Leon Worden




Mr. Brenner's Lincoln: A Profile
How a Lithuanian Engraver Evolved Into One of America's Most Celebrated Medallic Artists

NOTES FOLLOWING PUBLICATION
    While it is widely reported that Brenner attended Cooper Union, the school itself has no record of his attendance. "We are unable to find any record of Victor David Brenner attending Cooper Union," said Carol Salomon, the institution's Archives Librarian (Oct. 16, 2007). "This is not uncommon, particularly with early students in the School of Art who did not complete the full course of study. But it is surprising, as we do have a couple of numismatic articles in the Archives which mention Brenner as having attended Cooper Union. I asked the Registrar's office to check their records, and they too have found nothing, but their early records are not infallible, either."
    It is reported here, based on fairly contemporary accounts, that Brenner attended the New York art school for just one month.
    According to Howard L. Adelson's anthology, The American Numismatic Society 1858-1958 (ANS, 1958), Brenner's later tenure as an instructor at the National Academy of Design was nearly as brief, the medallic art program failing to gain sufficient interest to continue. Adelson says Brenner taught there in 1902, not in 1893 as reported here on the basis of a 1903 reference.
By Leon Worden
COINage magazine • Vol. 43, No. 11
November 2007
First of two parts.

    [PART 1][PART 2]
"The name of an artist on the coin is essential for the student of history as it enables him to trace environments and conditions of the time said coin was produced."
— VICTOR DAVID BRENNER,
The Numismatist (Letter), September-October 1909
EMERGENCE
    No single work of art in the history of man has been reproduced more times than sculptor Victor David Brenner's profile of Abraham Lincoln. At roughly 450 billion and counting, the United States Mint has churned out more Lincoln cents than all other world coins of all time, combined. Stacked on top of each other, they would reach — well, you get the picture. You've probably seen one. And so has everyone else.
    The cent is far commoner than the $5 bill, which also bears Lincoln's portrait, so Brenner's bearded likeness above all others is what our subconscious conjures when we envision the Great Emancipator.
    Why? Why that image? Where did Brenner get the idea to depict him that way? Brenner didn't know Lincoln. He had been dead 16 years before Brenner was born, and 35 years before Brenner came to America.
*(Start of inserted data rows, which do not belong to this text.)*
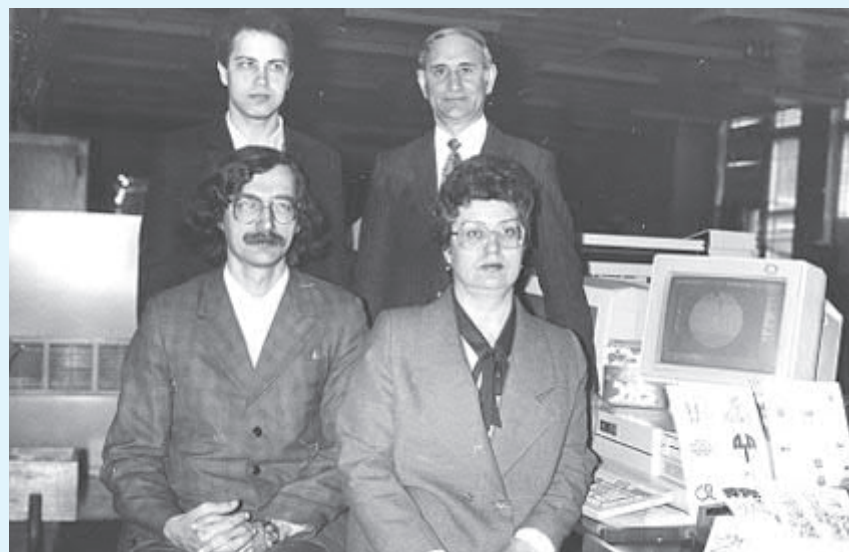
Сотрудники ЛНПО «СОЮЗ», конец 80-ых
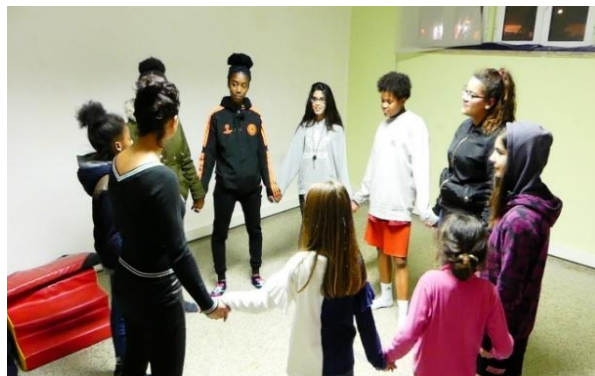
(figura 11 e 12 ensaios)
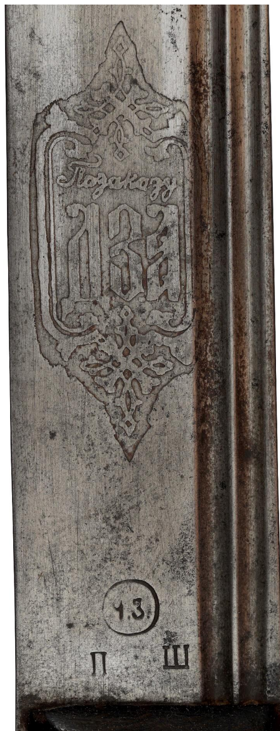
Илл. 27. Шашка с ножнами, Кубанская область, (клинок - Златоуст, 1903 год), начало XX века. Частная коллекция. Картуш с торговой маркой заказчика.
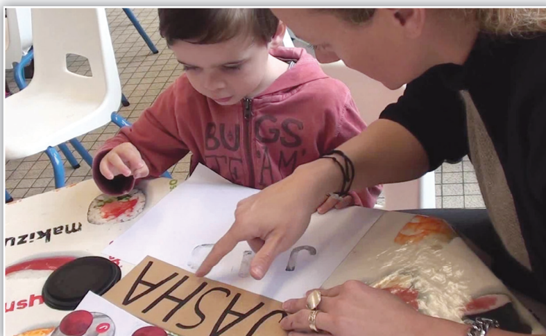
Reconnaitre, nommer et tamponner les lettres de son prénom.
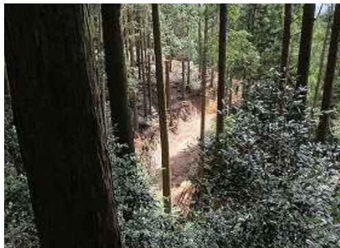
東の下に 作業路 を見る。
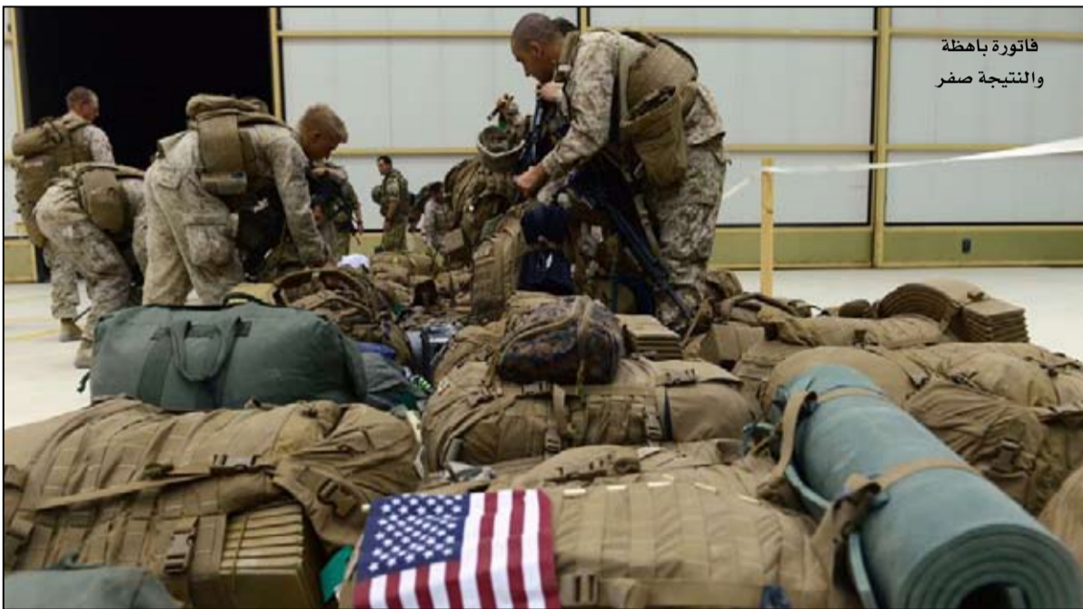
فاتورة باهظة والنتيجة صفر

- كلف الإنفاق على الرعاية الصحية للمحاربين القدامى وحده 296 مليار دولار

And he sported a beard only the last 4-1/2 years of his life.
    The end of the story is well chronicled; we begin there. The end of the story deals with the selection of Brenner's design.
    President Theodore Roosevelt wanted to turn the nation's coinage into little tableaus to showcase the pinnacles of American artistic achievement. America was experiencing an artistic renaissance, and Roosevelt believed the pedestrian Liberty Head designs of the U.S. Mint's chief engraver, Charles E. Barber, on the nickel, dime, quarter and half dollar were unbefitting a country whose classically trained artists were beginning to create competent monumental sculpture.
    After more than half a century, he felt it also was time to replace Christian Gobrecht's repetitive Liberty heads on the $2.50, $5 and $10 gold coins and James B. Longacre's feather-bonneted Liberty on the "Indian" cent and his standard Liberty on the double eagle ($20 gold piece), as well.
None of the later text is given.